Recent Contracting Activity
Over the next three years, most of Arch's sales contracts are scheduled to expire. Based on current market conditions, the company believes that the expiration of these contracts – coupled with the company's internal growth initiatives – will drive significant increases in revenues, operating margins, earnings and cash flow.
Arch continues to take a balanced approach to its marketing efforts, layering in new sales contract agreements while maintaining a significant unpriced position for future periods. Based on expected production over the next three years, Arch has unpriced volumes estimated at 20 million to 25 million tons in 2006; 60 million to 70 million tons in 2007; and 90 million to 100 million tons in 2008.

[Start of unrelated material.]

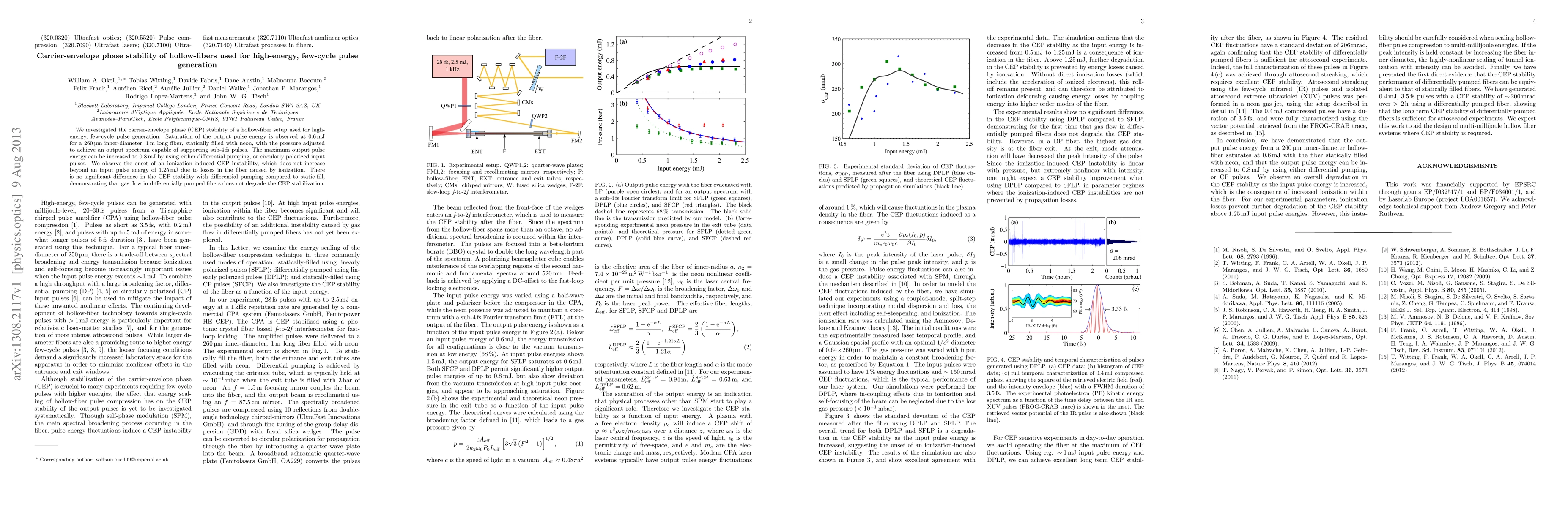 We investigated the carrier-envelope phase (CEP) stability of a hollow-fiber setup used for high-energy, few-cycle pulse generation. Saturation of the output pulse energy is observed at 0.6 mJ for a 260 um inner-diameter, 1 m long fiber, statically filled with neon, with the pressure adjusted to achieve an output spectrum capable of supporting sub-4fs pulses. The maximum output pulse energy can be increased to 0.8mJ by using either differential pumping, or circularly polarized input pulses. We observe the onset of an ionization-induced CEP instability, which does not increase beyond an input pulse energy of 1.25 mJ due to losses in the fiber caused by ionization. There is no significant difference in the CEP stability with differential pumping compared to static-fill, demonstrating that gas flow in differentially pumped fibers does not degrade the CEP stabilization.

"Arch finished work on a long list of key objectives during the fourth quarter of 2005," Leer said. "In the span of just three months, we succeeded in sharpening our operating focus, transforming our balance sheet, enhancing our competitive position, streamlining our capital structure and reducing our future cash requirements. We expect these accomplishments to deliver significant new value for our shareholders in 2006 and beyond."
Arch currently expects to report earnings of between $3.50 and $4.25 per fully diluted share, and adjusted EBITDA of between $550 million and $610 million, for its full year ended December 31, 2006, excluding insurance recoveries associated with recent events at West Elk. Rail service and prevailing market conditions are expected to be key factors in determining Arch's actual performance within that range. The range above assumes a negative impact of $25 million at West Elk during the first quarter as the company prepares for the March 1 restart of the longwall.

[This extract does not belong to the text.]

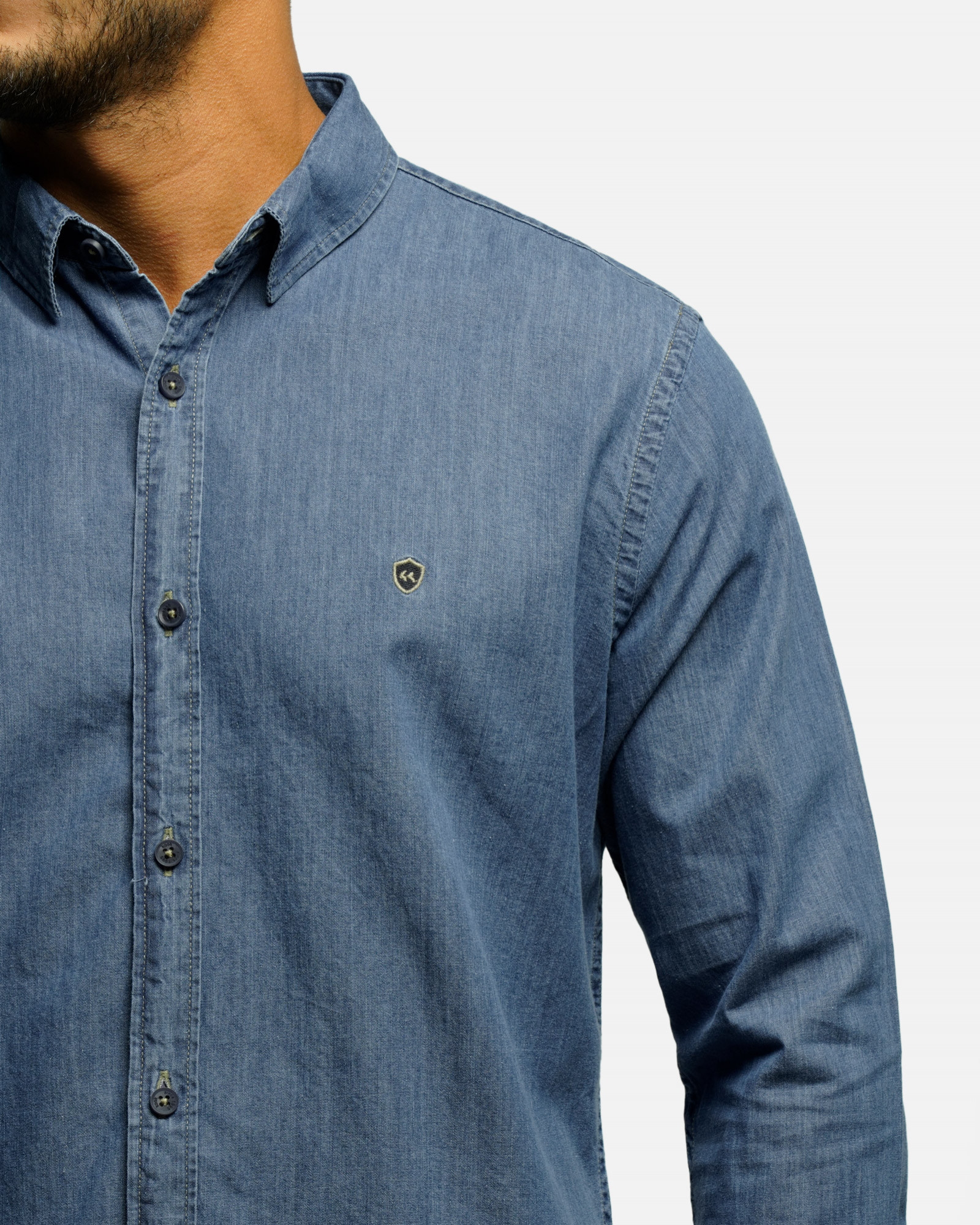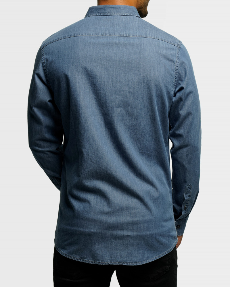 پیراهن جین آستین بلند ساده، با برش معمولی، بدون جیب، شیک و اسپرت

A conference call concerning fourth quarter earnings will be webcast live today at 11 a.m. EST. The conference call can be accessed via the "investor" section of the Arch Coal Web site (www.archcoal.com).
Arch Coal is the nation's second largest coal producer, with subsidiary operations in Wyoming, Colorado, Utah, West Virginia, Kentucky and Virginia. Through these operations, Arch provides the fuel for approximately 6% of the electricity generated in the United States.
Forward-Looking Statements: This press release contains "forward-looking statements" – that is, statements related to future, not past, events. In this context, forward-looking statements often address our expected future business and financial performance, and often contain words such as "expects," "anticipates," "intends," "plans," "believes," "seeks," or "will." Forward-looking statements by their nature address matters that are, to different degrees, uncertain. For us, particular uncertainties arise from changes in the demand for our coal by the domestic electric generation industry; from legislation and regulations relating to the Clean Air Act and other environmental initiatives; from operational, geological, permit, labor and weather-related factors; from fluctuations in the amount of cash we generate from operations; from future integration of acquired businesses; and from numerous other matters of national, regional and global scale, including those of a political, economic, business, competitive or regulatory nature. These uncertainties may cause our actual future results to be materially different than those expressed in our forward-looking statements. We do not undertake to update our forward-looking statements, whether as a result of new information, future events or otherwise, except as may be required by law.